THE DATA Block Start
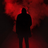 The image shows a silhouette of a person standing amidst red smoke or fog, giving the impression of a mysterious or dramatic scene. This could be interpreted as a representation of themes such as isolation, danger, or a moment of reflection.
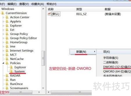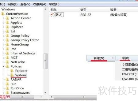 在Policies右侧窗口无System项时,在空白处右键,选择新建并命名为System。
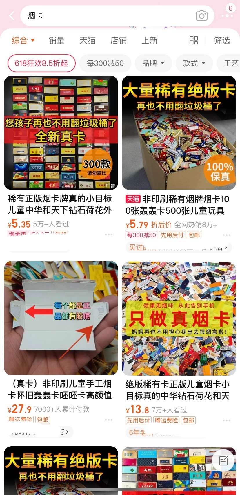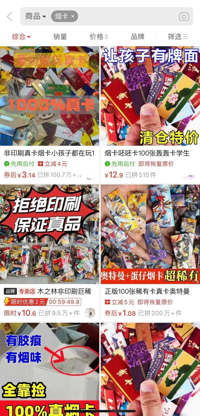 在淘宝页面,记者搜索关键词“烟卡”立刻出现相关商品,不少商家打出“您孩子再也不用翻垃圾桶了”“大量稀有绝版卡”“只做真烟卡个个有胶痕”等广告标语。一家名为“天天特卖工厂店”的店铺显示该店“烟卡”销售量已超8万,仅商品评价数量就已超3000条。记者看到,有评论这样写道:“孩子玩烟卡总比玩手机好。”在拼多多搜索“烟卡”,同样出现大量商品,记者看到不少店铺右下角显示“已拼100万件”等字样。
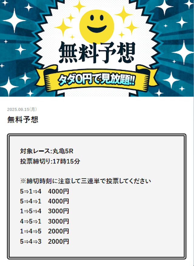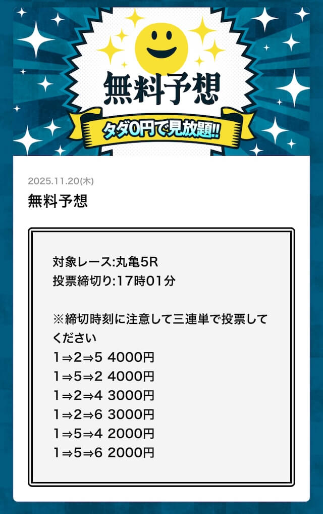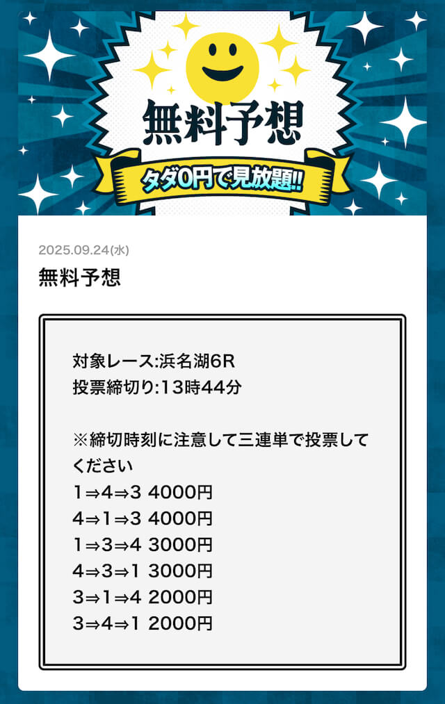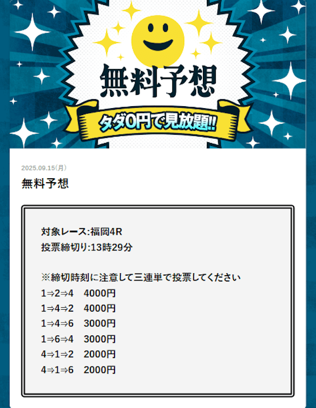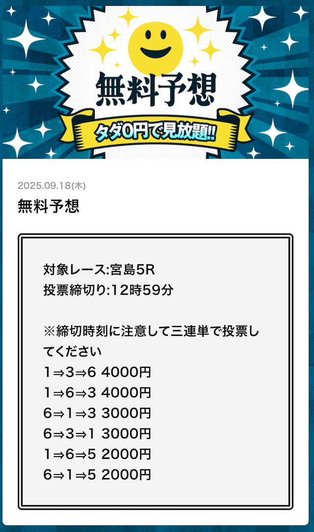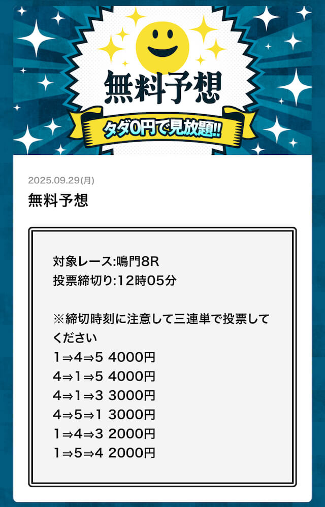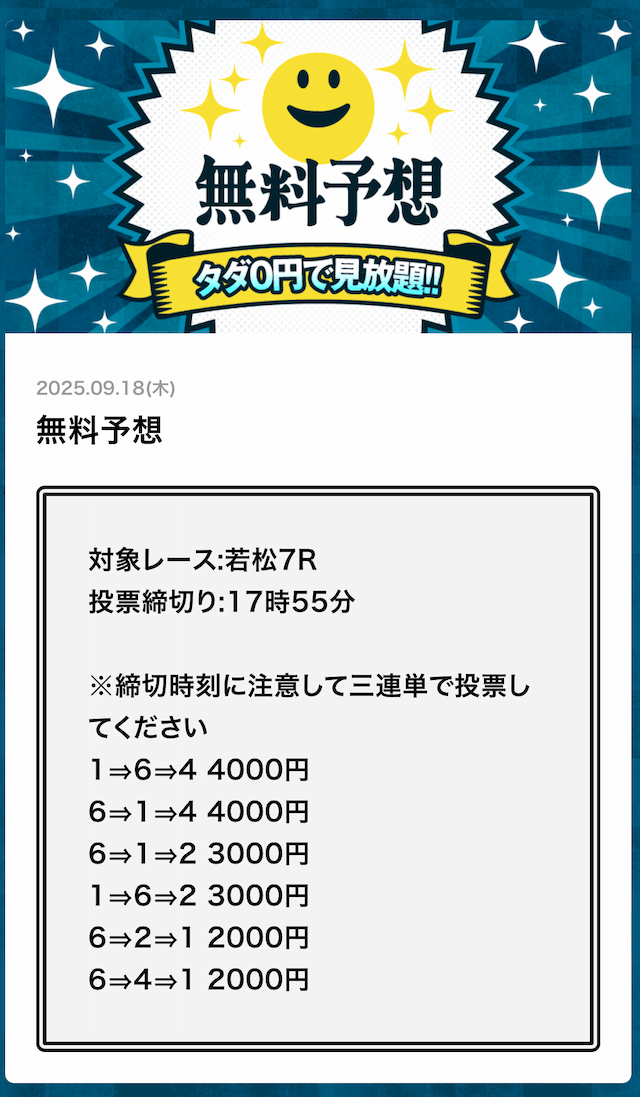 短期間で大金を得られるので、ぜひ今日の無料予想から参加してみてください。
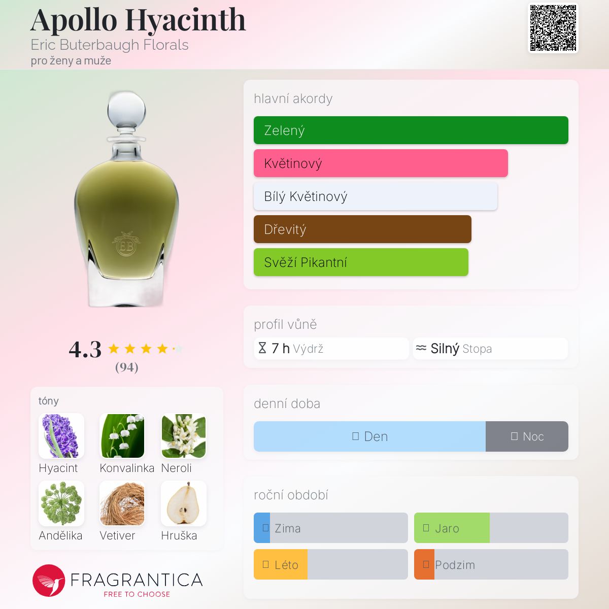 Apollo Hyacinth podle Eric Buterbaugh Florals je Floral Green vůně pro ženy a muže. Apollo Hyacinth byl/a uveden/a v roce 2015. "Nosem" za touto vůní je Alberto Morillas. Vrchní tóny jsou Neroli, Hruška a Galbanum; střední tóny jsouHyacint, Konvalinka a Andělika ; základní tóny jsou Haitský vetiver, Cedr a Dubový mech.
THE DATA Block End
- _WHAT TO PRODUCE_: The answer must consist solely of the lines from the first line of the data through the line containing "在Policies右侧窗口无", inclusive, reproduced exactly and without pictures.

- _WRITTEN REPLY_:
 The image shows a silhouette of a person standing amidst red smoke or fog, giving the impression of a mysterious or dramatic scene. This could be interpreted as a representation of themes such as isolation, danger, or a moment of reflection.
 在Policies右侧窗口无System项时,在空白处右键,选择新建并命名为System。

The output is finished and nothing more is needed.